Of course, “1%” isn’t a perfectly mathematical calculation, here. It’s just a euphemism for making really small, but consistent, improvements every day. Perhaps you went for a 10-minute jog yesterday, and felt exhausted. So, today, try to go for an 11-minute jog. this will be achievable for you, and you will feel good about achieving it, too. Then, tomorrow, you can go for a 12-minute jog. And so on.

After a year, you’re likely to be in such a dramatically superior position in life, that it’s hard to believe how far you’ve come.

Because momentum is a large part of what success in business is all about

Success in business, specifically, has plenty to do with things like innovation, and hard work, but there’s a good argument to be made that the most important skill for any aspiring entrepreneur, is simple grit, determination, and consistency.

Of course, this applies to just about everything else in life, too. It’s rarely the people who come out with a single dramatic “flash in the pan” burst of hard work who really innovate and transform things, and secure themselves a place in the annals of history.

Far more often, it’s the people who turn up to work every day, whether or not they feel like it, and who keep iterating and optimising, and moving forward, until things come together.

Focusing on becoming 1% better every day is a great way of building that sort of momentum, and of developing the kind of “staying power” that can really move mountains over time.

Striving to become 1% better every day is also a great antidote to the all-too-common tendency of many aspiring entrepreneurs, to want to spend an inordinate amount of time at the “drawing board,” as opposed to actually making things happen.
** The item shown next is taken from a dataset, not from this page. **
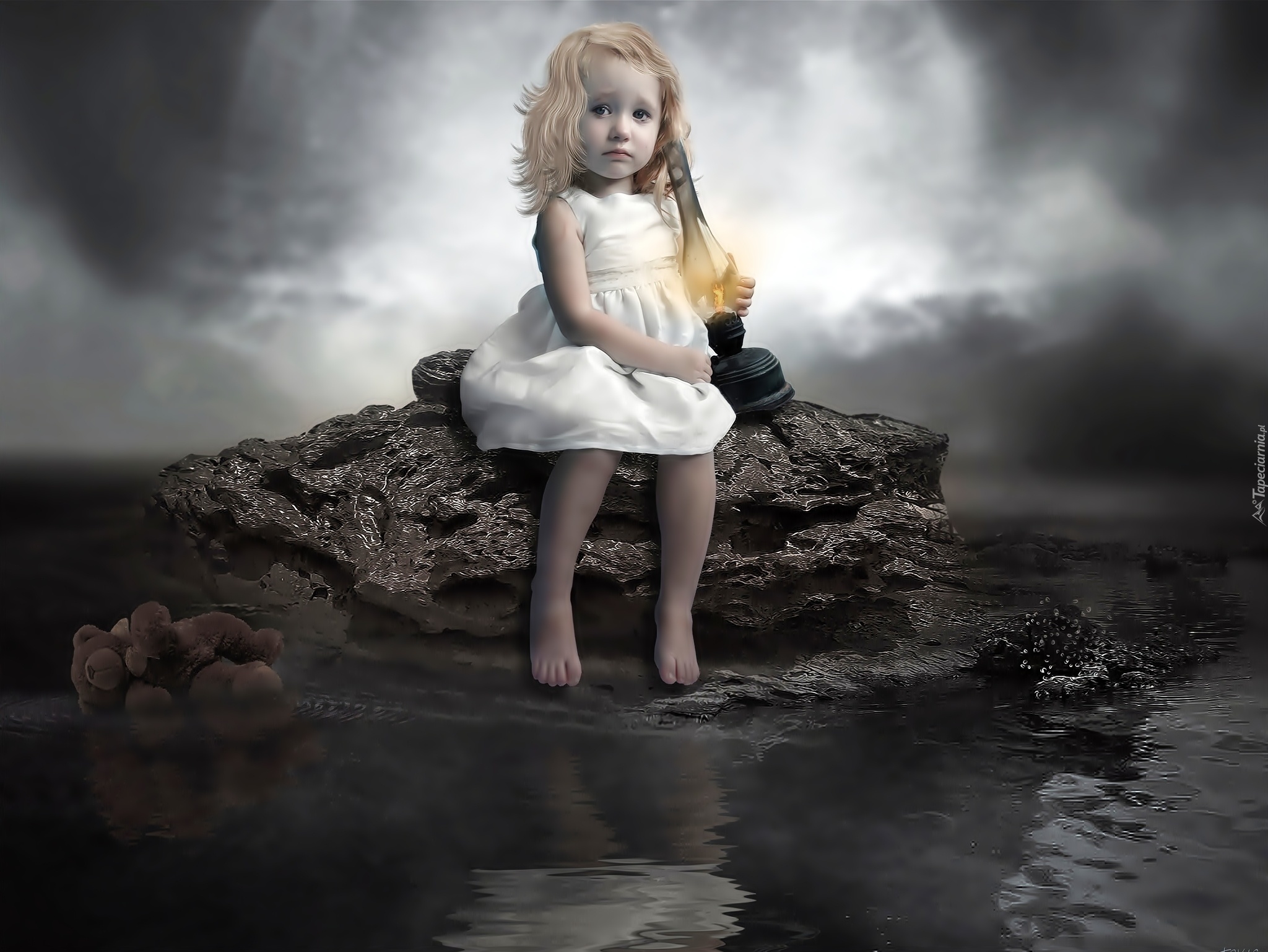Edytor tapety: Dziewczynka, Lampa, Skała, Chmury, Woda

When you know that it’s about the journey along the road of incremental improvement, rather than the “single miraculous action,” you give yourself permission to actually get started, and work out the kinks along the way.

Because it will prevent you from backsliding

Setbacks inevitably happen, and you’re not always going to be in a better position, business-wise, today than you were yesterday.

All the same, one of the great things of striving to become 1% better every day, is that it puts you in a great frame of mind to avoid backsliding, and to fight against the ever-present threat of entropy.

Even if a crisis situation occurs in your business, and puts you on the back foot, striving to become 1% better will keep you pointed upwards, and will remove your excuses for compromising, or taking the easy way out.

Ultimately, guarding yourself against the tendency to backslide is just as important as anything else, when it comes to consistency and the pursuit of excellence.